**WHAT YOU NEED TO DO:** In this exercise, the entries below include pictures. Repeat exactly the lines from the line with "Uma caneca de" to the line with "柔らかな肌触りと、シンプルで着回し力の高いデザインのハイネックニットです。", including both, but without the pictures.

**INFORMATION GIVEN:**
----------------------------------------
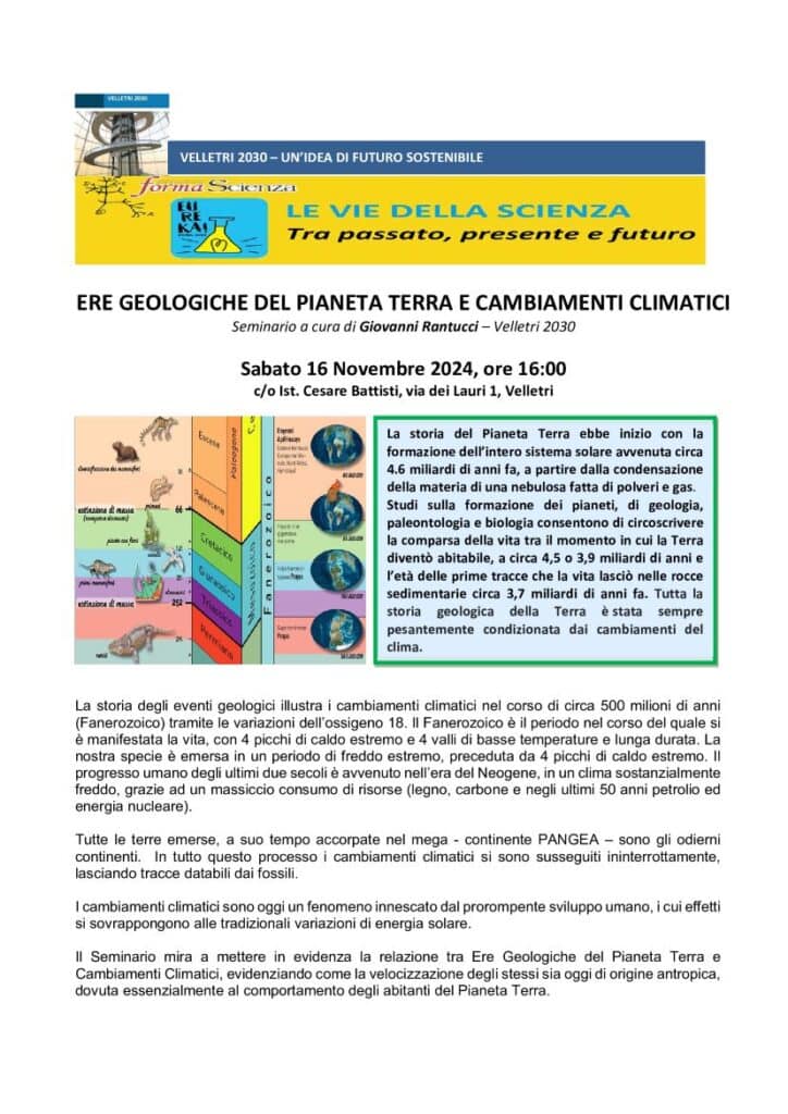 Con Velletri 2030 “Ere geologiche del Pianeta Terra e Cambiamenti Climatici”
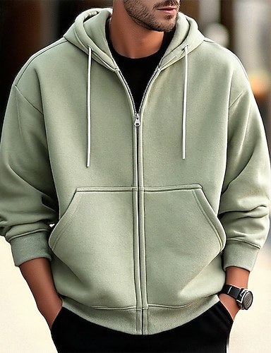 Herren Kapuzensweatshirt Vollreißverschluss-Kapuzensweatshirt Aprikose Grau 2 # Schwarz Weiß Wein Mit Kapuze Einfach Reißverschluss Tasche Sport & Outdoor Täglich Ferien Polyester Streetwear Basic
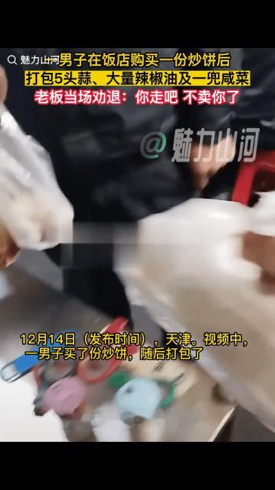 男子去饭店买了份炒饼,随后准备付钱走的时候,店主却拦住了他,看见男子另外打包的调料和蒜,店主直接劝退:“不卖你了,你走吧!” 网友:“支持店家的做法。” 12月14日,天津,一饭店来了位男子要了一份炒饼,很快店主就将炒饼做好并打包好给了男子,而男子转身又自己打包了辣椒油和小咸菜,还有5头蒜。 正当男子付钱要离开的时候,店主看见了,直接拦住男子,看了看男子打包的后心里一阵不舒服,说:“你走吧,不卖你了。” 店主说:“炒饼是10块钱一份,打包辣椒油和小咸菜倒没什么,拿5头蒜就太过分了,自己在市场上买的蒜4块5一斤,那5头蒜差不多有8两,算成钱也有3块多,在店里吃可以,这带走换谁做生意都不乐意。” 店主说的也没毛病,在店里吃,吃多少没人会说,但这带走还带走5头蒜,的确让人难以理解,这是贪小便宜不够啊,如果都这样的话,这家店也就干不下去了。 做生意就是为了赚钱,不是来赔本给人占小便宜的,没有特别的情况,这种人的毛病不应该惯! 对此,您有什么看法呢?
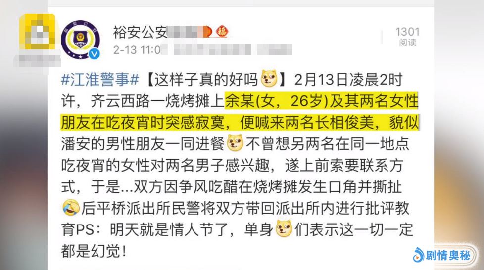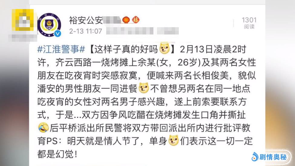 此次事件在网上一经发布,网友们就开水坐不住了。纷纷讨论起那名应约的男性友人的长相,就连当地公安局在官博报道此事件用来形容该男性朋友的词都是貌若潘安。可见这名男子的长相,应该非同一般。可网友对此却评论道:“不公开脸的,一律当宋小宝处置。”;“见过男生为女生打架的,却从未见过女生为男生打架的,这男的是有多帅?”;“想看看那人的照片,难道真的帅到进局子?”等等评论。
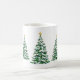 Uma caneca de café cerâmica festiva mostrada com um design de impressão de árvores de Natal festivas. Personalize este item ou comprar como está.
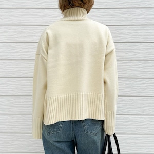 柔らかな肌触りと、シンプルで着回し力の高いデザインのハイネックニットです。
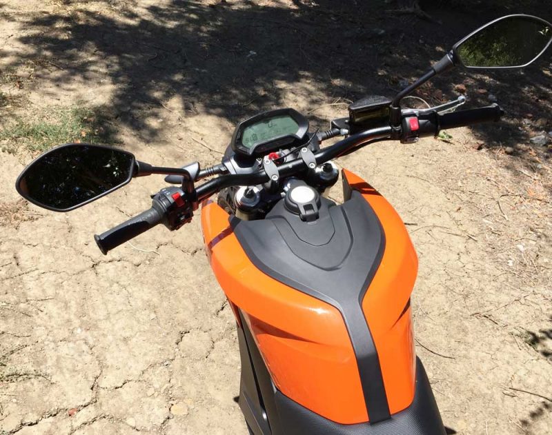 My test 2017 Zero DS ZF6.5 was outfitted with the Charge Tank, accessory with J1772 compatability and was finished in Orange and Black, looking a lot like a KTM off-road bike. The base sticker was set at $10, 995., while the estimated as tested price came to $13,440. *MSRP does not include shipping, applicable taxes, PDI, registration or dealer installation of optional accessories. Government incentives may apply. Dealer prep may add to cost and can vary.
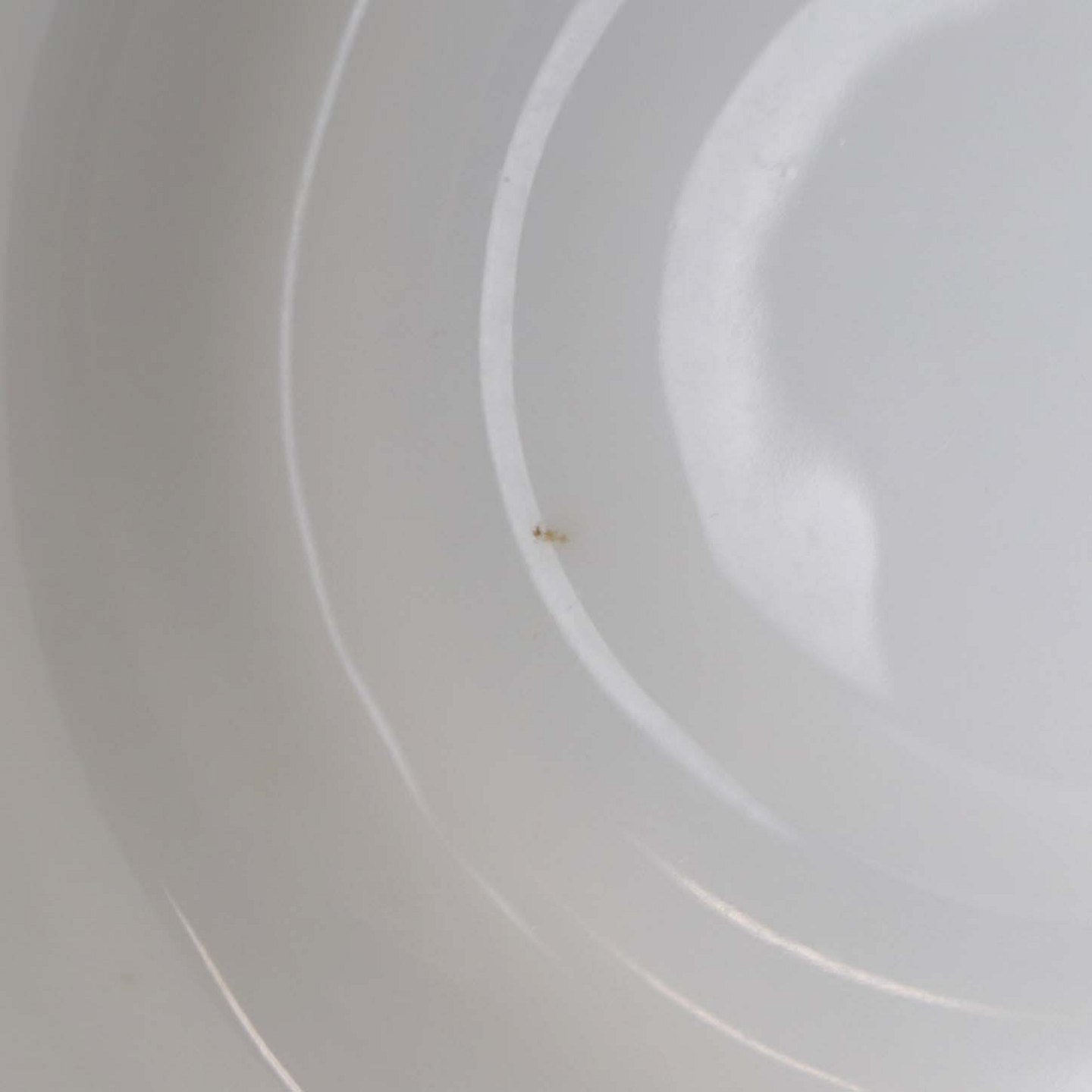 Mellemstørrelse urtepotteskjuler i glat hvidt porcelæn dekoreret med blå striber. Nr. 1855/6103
----------------------------------------
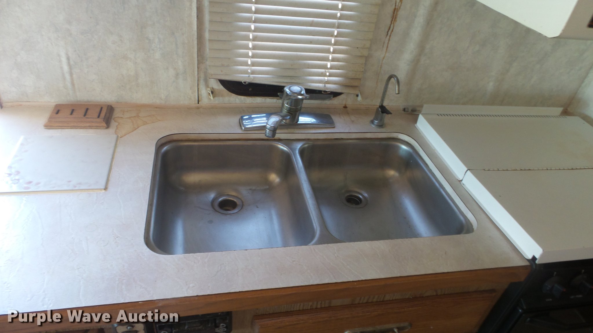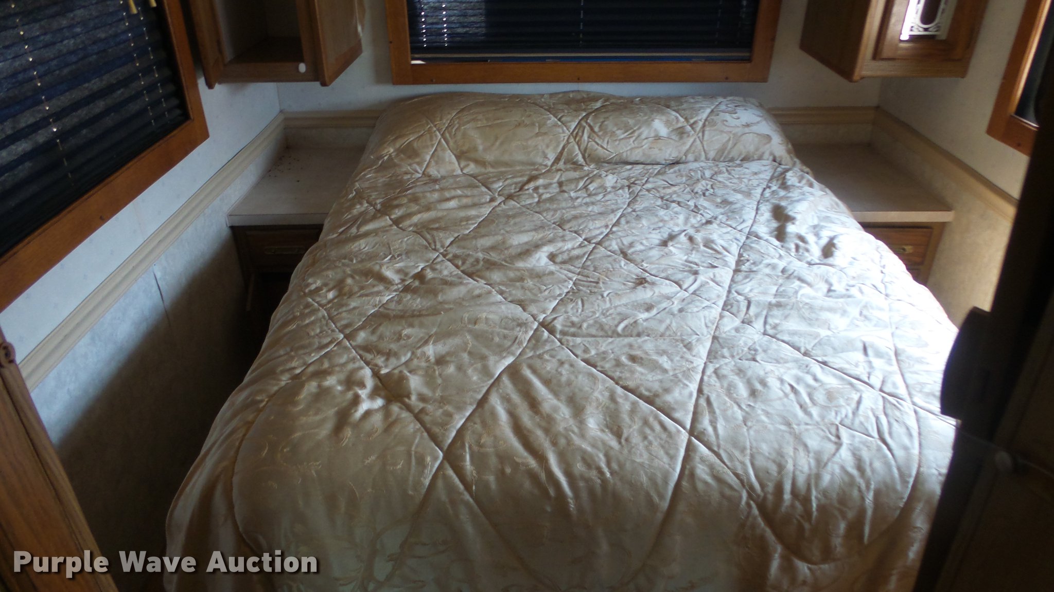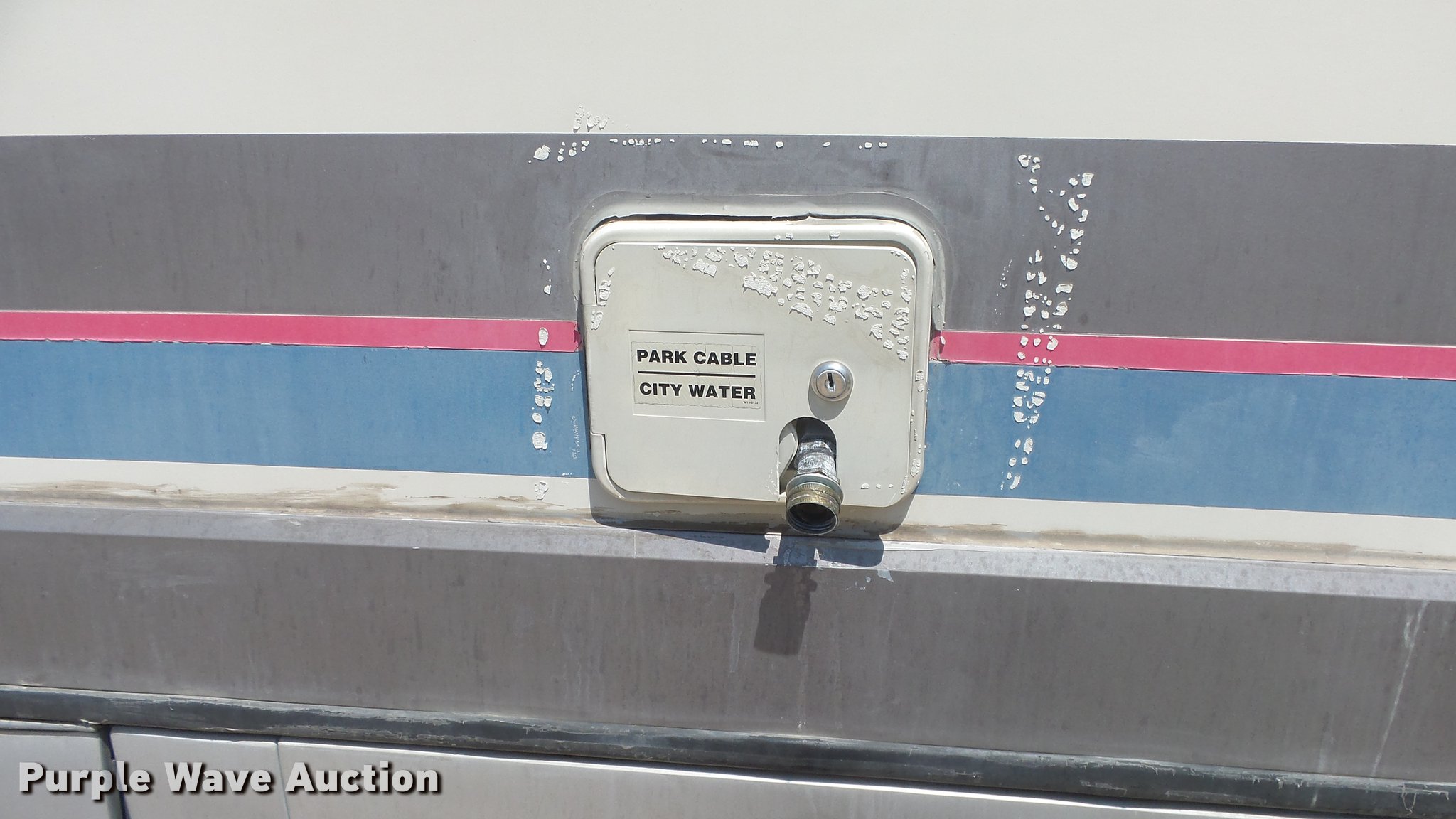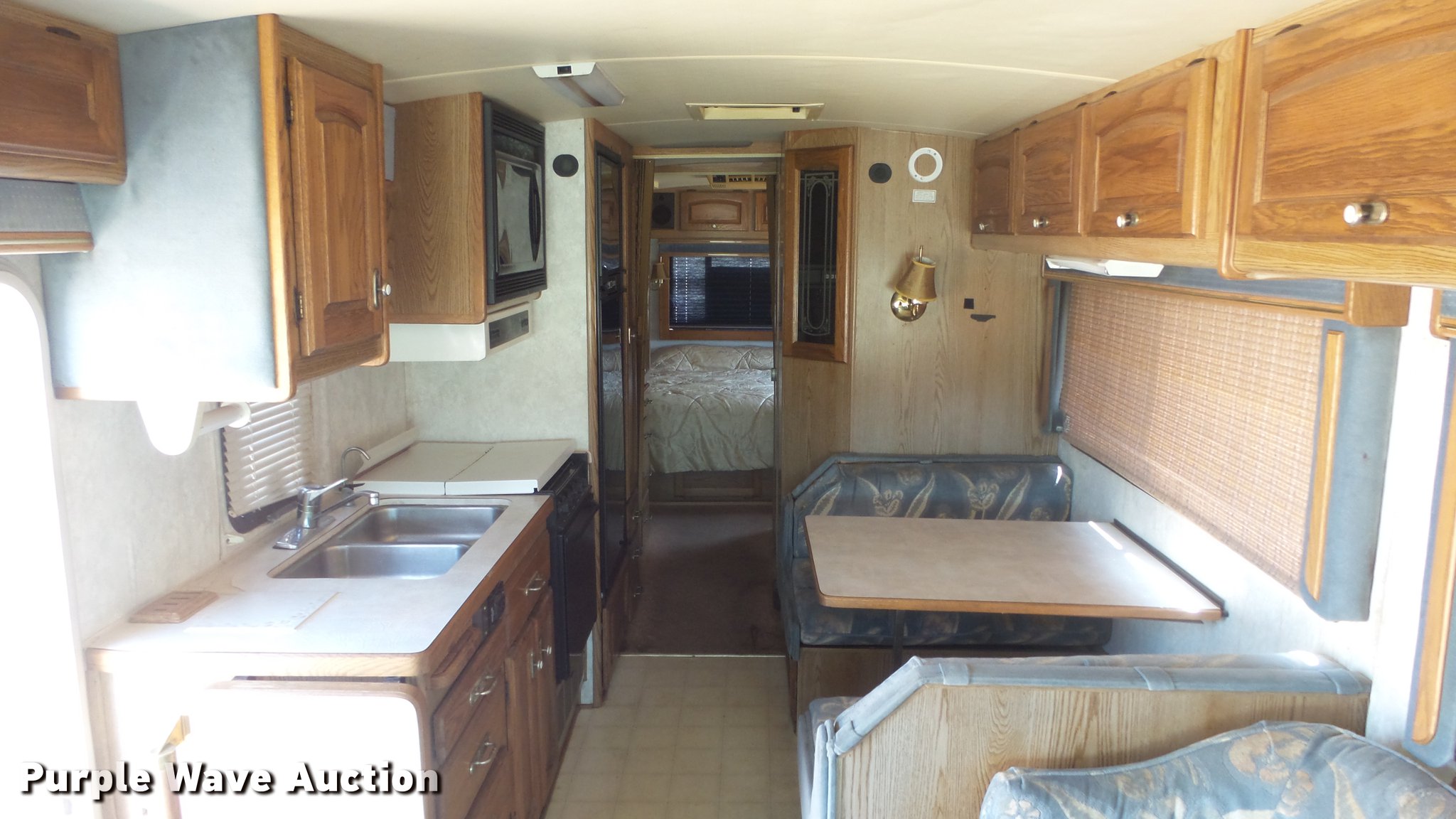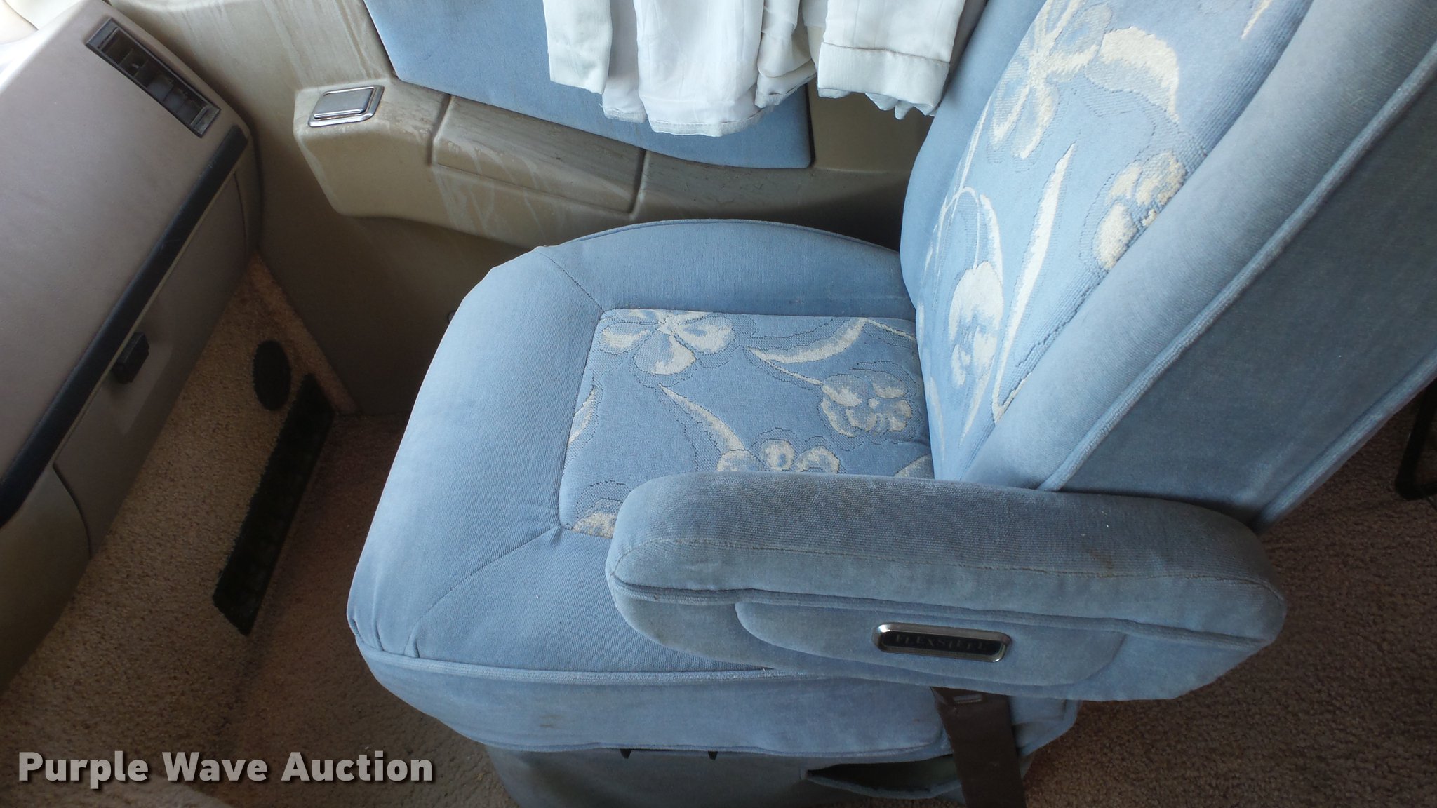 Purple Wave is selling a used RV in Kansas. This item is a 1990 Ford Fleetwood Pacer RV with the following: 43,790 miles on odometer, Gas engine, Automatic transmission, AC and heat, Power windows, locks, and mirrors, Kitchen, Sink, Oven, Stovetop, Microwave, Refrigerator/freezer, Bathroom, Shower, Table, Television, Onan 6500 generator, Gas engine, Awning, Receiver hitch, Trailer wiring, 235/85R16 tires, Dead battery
----------------------------------------
**TASK RESULT:**
 Uma caneca de café cerâmica festiva mostrada com um design de impressão de árvores de Natal festivas. Personalize este item ou comprar como está.
 柔らかな肌触りと、シンプルで着回し力の高いデザインのハイネックニットです。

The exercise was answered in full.